[Data in this exercise]

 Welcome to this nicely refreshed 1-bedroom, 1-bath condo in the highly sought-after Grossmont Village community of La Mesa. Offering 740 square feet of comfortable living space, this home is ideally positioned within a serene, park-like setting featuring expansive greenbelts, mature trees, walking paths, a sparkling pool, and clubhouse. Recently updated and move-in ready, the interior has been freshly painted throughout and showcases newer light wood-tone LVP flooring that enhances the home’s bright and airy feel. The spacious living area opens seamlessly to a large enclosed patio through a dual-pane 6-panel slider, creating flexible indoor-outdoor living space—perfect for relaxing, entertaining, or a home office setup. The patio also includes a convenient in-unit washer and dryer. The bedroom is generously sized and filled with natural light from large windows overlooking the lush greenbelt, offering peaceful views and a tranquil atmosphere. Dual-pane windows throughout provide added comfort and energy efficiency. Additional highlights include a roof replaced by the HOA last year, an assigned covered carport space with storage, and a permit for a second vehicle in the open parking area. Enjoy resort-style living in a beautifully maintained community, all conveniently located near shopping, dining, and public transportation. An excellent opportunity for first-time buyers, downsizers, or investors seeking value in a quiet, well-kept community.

---

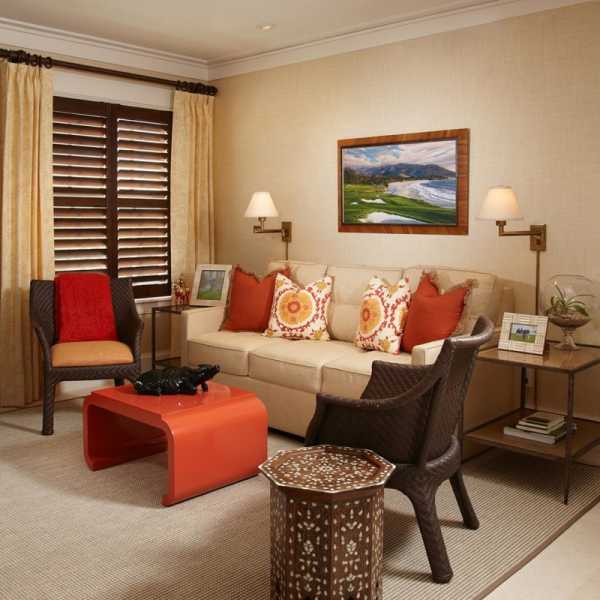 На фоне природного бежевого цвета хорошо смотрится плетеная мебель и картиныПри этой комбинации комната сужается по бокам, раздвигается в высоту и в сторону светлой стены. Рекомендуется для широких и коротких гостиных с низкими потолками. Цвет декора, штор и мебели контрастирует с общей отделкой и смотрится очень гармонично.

---

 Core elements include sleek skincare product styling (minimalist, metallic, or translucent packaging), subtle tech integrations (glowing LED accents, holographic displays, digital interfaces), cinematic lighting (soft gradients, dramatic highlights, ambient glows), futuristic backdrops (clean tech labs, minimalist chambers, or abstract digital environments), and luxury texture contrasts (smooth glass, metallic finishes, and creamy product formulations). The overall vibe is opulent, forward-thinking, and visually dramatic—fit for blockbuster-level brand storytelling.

[Work instruction] Each line of the data that contains "highlights" belongs in the answer.

[Solution to the problem]
 Welcome to this nicely refreshed 1-bedroom, 1-bath condo in the highly sought-after Grossmont Village community of La Mesa. Offering 740 square feet of comfortable living space, this home is ideally positioned within a serene, park-like setting featuring expansive greenbelts, mature trees, walking paths, a sparkling pool, and clubhouse. Recently updated and move-in ready, the interior has been freshly painted throughout and showcases newer light wood-tone LVP flooring that enhances the home’s bright and airy feel. The spacious living area opens seamlessly to a large enclosed patio through a dual-pane 6-panel slider, creating flexible indoor-outdoor living space—perfect for relaxing, entertaining, or a home office setup. The patio also includes a convenient in-unit washer and dryer. The bedroom is generously sized and filled with natural light from large windows overlooking the lush greenbelt, offering peaceful views and a tranquil atmosphere. Dual-pane windows throughout provide added comfort and energy efficiency. Additional highlights include a roof replaced by the HOA last year, an assigned covered carport space with storage, and a permit for a second vehicle in the open parking area. Enjoy resort-style living in a beautifully maintained community, all conveniently located near shopping, dining, and public transportation. An excellent opportunity for first-time buyers, downsizers, or investors seeking value in a quiet, well-kept community.
 Core elements include sleek skincare product styling (minimalist, metallic, or translucent packaging), subtle tech integrations (glowing LED accents, holographic displays, digital interfaces), cinematic lighting (soft gradients, dramatic highlights, ambient glows), futuristic backdrops (clean tech labs, minimalist chambers, or abstract digital environments), and luxury texture contrasts (smooth glass, metallic finishes, and creamy product formulations). The overall vibe is opulent, forward-thinking, and visually dramatic—fit for blockbuster-level brand storytelling.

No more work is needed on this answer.